-- Data shown follows --

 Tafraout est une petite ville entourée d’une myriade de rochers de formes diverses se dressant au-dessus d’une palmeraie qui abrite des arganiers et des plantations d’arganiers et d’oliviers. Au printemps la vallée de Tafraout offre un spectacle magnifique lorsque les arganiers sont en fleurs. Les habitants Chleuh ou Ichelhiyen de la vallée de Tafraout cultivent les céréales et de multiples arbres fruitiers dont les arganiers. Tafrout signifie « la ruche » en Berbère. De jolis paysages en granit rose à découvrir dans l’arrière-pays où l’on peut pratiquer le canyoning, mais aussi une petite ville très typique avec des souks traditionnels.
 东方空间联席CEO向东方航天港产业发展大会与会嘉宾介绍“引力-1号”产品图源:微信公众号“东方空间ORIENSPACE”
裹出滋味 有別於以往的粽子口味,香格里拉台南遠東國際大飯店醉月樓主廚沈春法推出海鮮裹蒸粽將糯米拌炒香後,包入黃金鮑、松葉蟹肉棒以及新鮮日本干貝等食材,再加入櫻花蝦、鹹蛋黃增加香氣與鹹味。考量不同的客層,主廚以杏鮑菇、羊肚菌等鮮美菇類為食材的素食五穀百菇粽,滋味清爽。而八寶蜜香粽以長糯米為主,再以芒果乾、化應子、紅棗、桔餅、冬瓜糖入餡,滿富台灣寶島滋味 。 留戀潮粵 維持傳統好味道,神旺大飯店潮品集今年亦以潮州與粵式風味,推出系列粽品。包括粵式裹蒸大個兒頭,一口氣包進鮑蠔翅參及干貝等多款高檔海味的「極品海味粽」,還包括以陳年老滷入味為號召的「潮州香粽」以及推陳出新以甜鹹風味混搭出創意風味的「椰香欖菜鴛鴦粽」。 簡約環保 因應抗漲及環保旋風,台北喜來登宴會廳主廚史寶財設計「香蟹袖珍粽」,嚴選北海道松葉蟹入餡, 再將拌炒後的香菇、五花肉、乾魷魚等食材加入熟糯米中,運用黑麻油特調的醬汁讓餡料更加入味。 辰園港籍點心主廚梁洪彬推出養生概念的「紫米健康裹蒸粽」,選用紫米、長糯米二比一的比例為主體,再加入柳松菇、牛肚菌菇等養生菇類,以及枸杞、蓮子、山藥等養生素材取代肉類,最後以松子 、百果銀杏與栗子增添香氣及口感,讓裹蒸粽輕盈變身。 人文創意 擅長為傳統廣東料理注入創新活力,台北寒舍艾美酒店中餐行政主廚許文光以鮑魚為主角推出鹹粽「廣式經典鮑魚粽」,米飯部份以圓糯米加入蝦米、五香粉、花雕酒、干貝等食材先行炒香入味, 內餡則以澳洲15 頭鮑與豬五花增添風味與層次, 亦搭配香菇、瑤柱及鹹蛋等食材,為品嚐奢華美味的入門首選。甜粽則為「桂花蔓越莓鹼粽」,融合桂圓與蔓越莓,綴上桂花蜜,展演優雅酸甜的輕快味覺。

-- Data shown concluded --

### Exercise details
Reproduce the whole of the material exactly as shown.

### Exercise response
 Tafraout est une petite ville entourée d’une myriade de rochers de formes diverses se dressant au-dessus d’une palmeraie qui abrite des arganiers et des plantations d’arganiers et d’oliviers. Au printemps la vallée de Tafraout offre un spectacle magnifique lorsque les arganiers sont en fleurs. Les habitants Chleuh ou Ichelhiyen de la vallée de Tafraout cultivent les céréales et de multiples arbres fruitiers dont les arganiers. Tafrout signifie « la ruche » en Berbère. De jolis paysages en granit rose à découvrir dans l’arrière-pays où l’on peut pratiquer le canyoning, mais aussi une petite ville très typique avec des souks traditionnels.
 东方空间联席CEO向东方航天港产业发展大会与会嘉宾介绍“引力-1号”产品图源:微信公众号“东方空间ORIENSPACE”
裹出滋味 有別於以往的粽子口味,香格里拉台南遠東國際大飯店醉月樓主廚沈春法推出海鮮裹蒸粽將糯米拌炒香後,包入黃金鮑、松葉蟹肉棒以及新鮮日本干貝等食材,再加入櫻花蝦、鹹蛋黃增加香氣與鹹味。考量不同的客層,主廚以杏鮑菇、羊肚菌等鮮美菇類為食材的素食五穀百菇粽,滋味清爽。而八寶蜜香粽以長糯米為主,再以芒果乾、化應子、紅棗、桔餅、冬瓜糖入餡,滿富台灣寶島滋味 。 留戀潮粵 維持傳統好味道,神旺大飯店潮品集今年亦以潮州與粵式風味,推出系列粽品。包括粵式裹蒸大個兒頭,一口氣包進鮑蠔翅參及干貝等多款高檔海味的「極品海味粽」,還包括以陳年老滷入味為號召的「潮州香粽」以及推陳出新以甜鹹風味混搭出創意風味的「椰香欖菜鴛鴦粽」。 簡約環保 因應抗漲及環保旋風,台北喜來登宴會廳主廚史寶財設計「香蟹袖珍粽」,嚴選北海道松葉蟹入餡, 再將拌炒後的香菇、五花肉、乾魷魚等食材加入熟糯米中,運用黑麻油特調的醬汁讓餡料更加入味。 辰園港籍點心主廚梁洪彬推出養生概念的「紫米健康裹蒸粽」,選用紫米、長糯米二比一的比例為主體,再加入柳松菇、牛肚菌菇等養生菇類,以及枸杞、蓮子、山藥等養生素材取代肉類,最後以松子 、百果銀杏與栗子增添香氣及口感,讓裹蒸粽輕盈變身。 人文創意 擅長為傳統廣東料理注入創新活力,台北寒舍艾美酒店中餐行政主廚許文光以鮑魚為主角推出鹹粽「廣式經典鮑魚粽」,米飯部份以圓糯米加入蝦米、五香粉、花雕酒、干貝等食材先行炒香入味, 內餡則以澳洲15 頭鮑與豬五花增添風味與層次, 亦搭配香菇、瑤柱及鹹蛋等食材,為品嚐奢華美味的入門首選。甜粽則為「桂花蔓越莓鹼粽」,融合桂圓與蔓越莓,綴上桂花蜜,展演優雅酸甜的輕快味覺。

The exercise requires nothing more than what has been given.